With respect to treatment of acute SARS-CoV-2 infection, Paxlovid (nirmatrelvir/ritonavir) is frequently used: Patients should present for treatment within the first five days of symptom onset, and clinicians should be aware of the many drug interactions that this medication may have with other pharmacologic therapies. The University of Liverpool, United Kingdom, has created a website where doctors can check for such interactions.2
Dr. Perritt explained that molnupiravir is another treatment for acute SARS-CoV-2 infection, although variable effectiveness has been reported. A different treatment, bebtelovimab (a monoclonal antibody), is for patients who are not candidates for antiviral therapy, but many resistant strains of SARS-CoV-2 now exist, thereby reducing the overall effectiveness of this medication.
Dr. Perritt concluded her talk by predicting remdesivir will see increasing use in the outpatient setting in the years to come.
Therapies
The second lecturer in the session was Stephen Saw, PharmD, BCIDP, clinical pharmacy specialist (infectious diseases) at the Hospital of the University of Pennsylvania, Philadelphia. Dr. Saw provided an overview of the timeline related to use of interleukin-6 (IL-6) inhibition, glucocorticoids and Janus kinase inhibition in the treatment of patients with COVID-19.

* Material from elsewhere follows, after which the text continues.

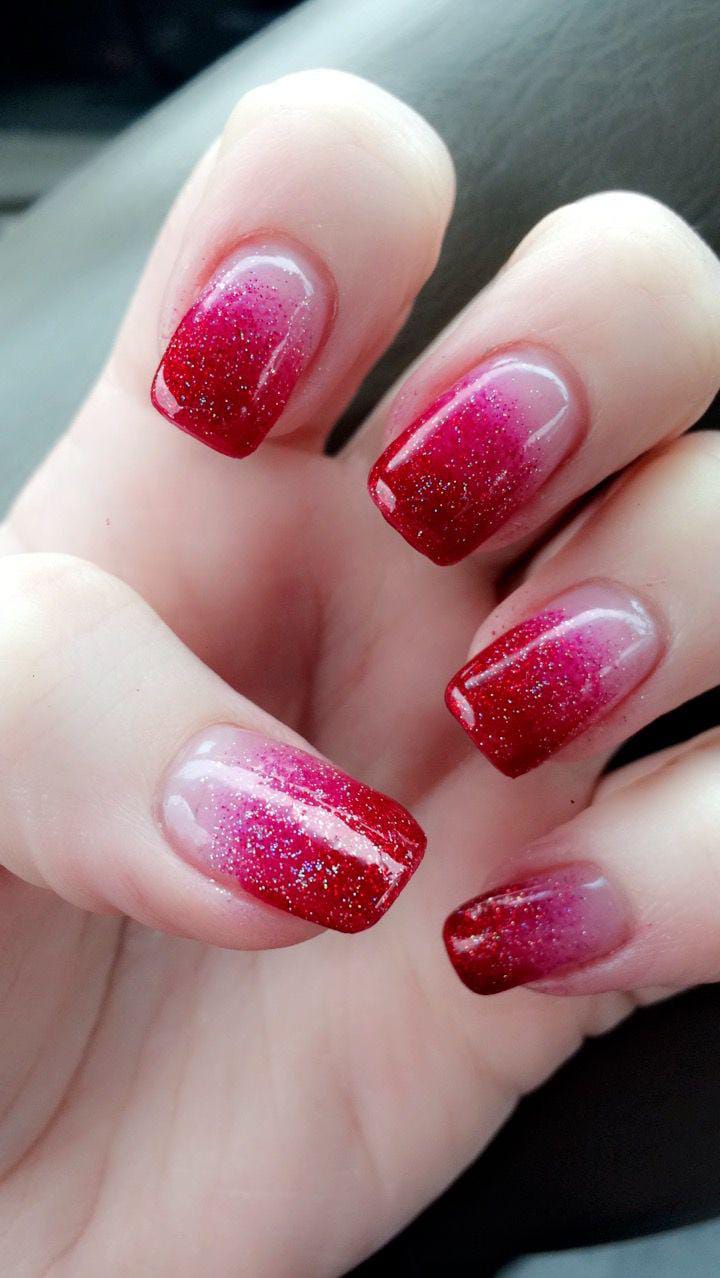 Rich red and pink hues melt into a soft ombre shimmer, giving a glamorous, festive sparkle perfect for holiday parties and Christmas cheer.
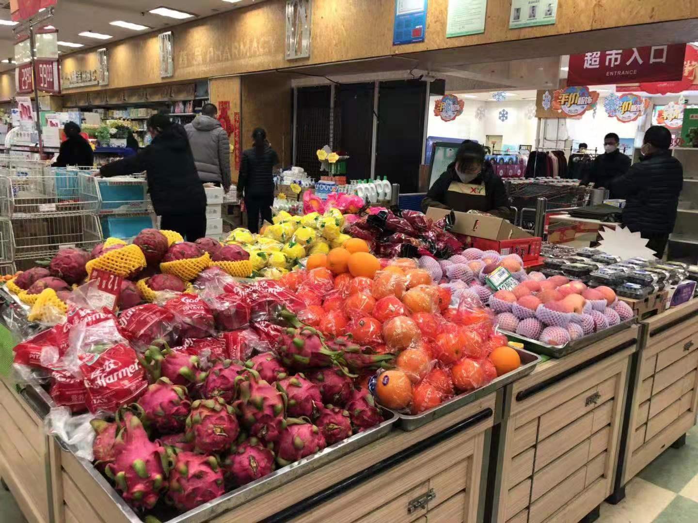 市民宋女士一次性購買了500多元的蔬菜水果。她表示,家人響應號召盡量避免出門,所以由她負責采購兩家老人的日常用菜。“價格和平時差不多,蔬菜水果的品種非常豐富,需要的基本都能買到。”

On these topics, he first discussed the REMAP-CAP study, an international, multifactorial, adaptive platform trial that involved randomization of adult patients with COVID-19 (within 24 hours after starting organ support in the intensive care unit) to treatment with tocilizumab, sarilumab or standard care (i.e., the typical care being provided to patients with COVID-19 at each clinical site). The primary outcome evaluated was respiratory and cardiovascular organ support-free days.
In this study, both tocilizumab and sarilumab met the predefined criteria for efficacy, and an analysis of 90-day survival showed improved survival in the pooled IL-6 receptor antagonist groups, with a hazard ratio compared with the control group of 1.61 (95% confidence interval, 1.25 to 2.08).3
Dr. Saw went on to discuss the RECOVERY study, a controlled, open-label trial in which patients hospitalized with COVID-19 who were receiving a range of possible treatments were randomized to receive oral or intravenous dexamethasone at a dose of 6 mg once daily for up to 10 days or to receive usual care alone (i.e., the typical care that was being provided to patients with COVID-19 at that time). The primary outcome was 28-day mortality. In this study of more than 6,000 patients, the age-adjusted rate ratio of 28-day mortality was 0.83 when comparing the dexamethasone group to the standard of care group (95% confidence interval, 0.75 to 0.93; P<0.001).4 This reduced rate of 28-day mortality in the dexamethasone group was impressive, but Dr. Saw noted that some possible limitations of the study included subjective inclusion and exclusion criteria, and a heterogeneous patient population.